In May 2003, GM CEO Richard Wagoner Jr. approved CFO John Devine’s recommendation to issue a massive $17.9 billion debt offering, of which $14 billion would be used to shore up the company’s pension fund. Then Wagoner handed Reed a clear mandate: Invest the $14 billion in such a way that the overall volatility of the pension fund would decline, even as the fund met its targeted annual return of 9 percent. Specifically, GM wanted to reduce the probability of a negative return in any given year from 20 percent to 10 percent. “If they really are able to reduce volatility in this way, it will be quite a significant accomplishment,” says Saul Rubin, an automobile company analyst for UBS. “That kind of reliable, stable return from the fund is more valuable than if they were to shoot the lights out.”

“It’s not every day you get handed $14 billion and are told to go design a brand-new asset allocation,” says Reed.

Adds Drucker, “Getting $14 billion in one shot is a rare opportunity to do something totally drastic.”

Under the direction of Reed, Drucker and Sullivan, director of absolute-return strategies, GMAM’s staff of 120 investment professionals studied the interaction of different asset classes to determine the ideal mix for higher returns and lower volatility.

Initially, Reed considered increasing GM’s allocation to fixed-income investments -- a sure way to reduce volatility. But that option was quickly shelved, because it could never provide an adequate return for GM to meet its pension obligations. “We knew that a shift from equity to bonds was not optimal, due to low fixed-income returns,” Reed explains.

The GMAM staff, working with three outside consultants, whom Reed will not identify, came up with a strategy to meet the plan’s 9 percent long-term expected return target as well as lower its overall volatility. Their notion: Reduce exposure to domestic and global equities and increase allocations to asset classes in which alpha can really shine, such as emerging-markets equity and debt, real estate, private equity and hedge fund strategies. GM also includes in its alpha category U.S. high-yield bonds and small-cap stocks, asset classes that others would view as more traditional.

Once the $14 billion is put to work, GM’s target range for global stocks will fall from about 50 percent to 40 percent. The pension fund will be transformed: The percentage of plan assets invested in high-alpha strategies will soar from 15 percent to roughly 35 percent. “GM is really leading the way into absolute return, and I expect we very well could follow,” says William Einhorn, executive director of the $1.2 billion Teamsters Pension Trust Fund of Philadelphia and Vicinity, which invests in some GMAM real estate funds.

“No one is saying you can eliminate risk,” says Reed. “But you can control it. The only sure way to control risk is through diversification. In our opinion there is no such thing as being too

diversified.”

Of course, strong returns with modest risk are the ambition of every pension investor -- always easier to articulate than to execute. “Alpha is an elusive little devil,” says Craig Israelson, a finance professor at the University of Missouri-Columbia. “Because alpha is linked to secular cycles among different asset classes, you have to get in before they heat up.
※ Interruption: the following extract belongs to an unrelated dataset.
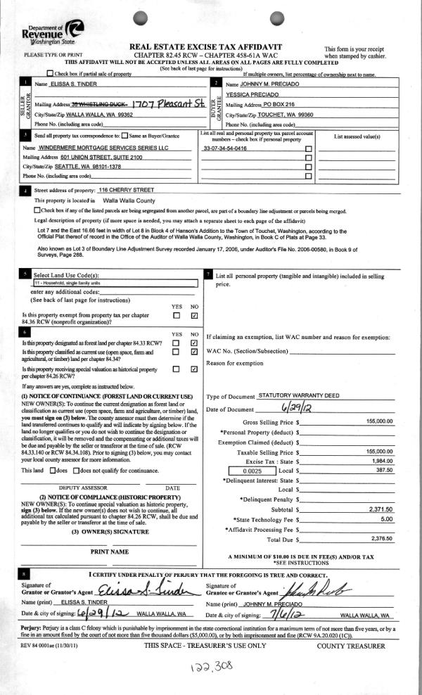 | 1 | 07/06/2012 | WARRANTY D | WARRANTY DEED | TINDER, ELISSA S | PRECIADO, JOHNNY M & YESSICA | | | $155,000.00 | 122308 | 2012-05701 |

That’s called market timing, and it can hurt you.”

Although Reed won’t identify prospective hedge fund managers, GM is looking for firms that can articulate and strictly follow a clear investment philosophy. Certainly, GM will insist on risk management discipline. Some of its hedge fund management will likely come from broad-scope alpha providers and asset managers who use absolute-return and market-neutral strategies. AQR and Goldman Sachs’ alpha mandates will probably grow, and GM is expected to hire four more broad-scope providers, probably by June. Firms that might join the GM caravan: New Yorkbased Morgan Stanley Investment Management; Greenwich, Connecticutbased FrontPoint; and Bridgewater Associates in Westport, Connecticut.

“We’re making a big bet on being able to identify managers that can generate higher expected returns,” says Reed. “That’s our challenge.”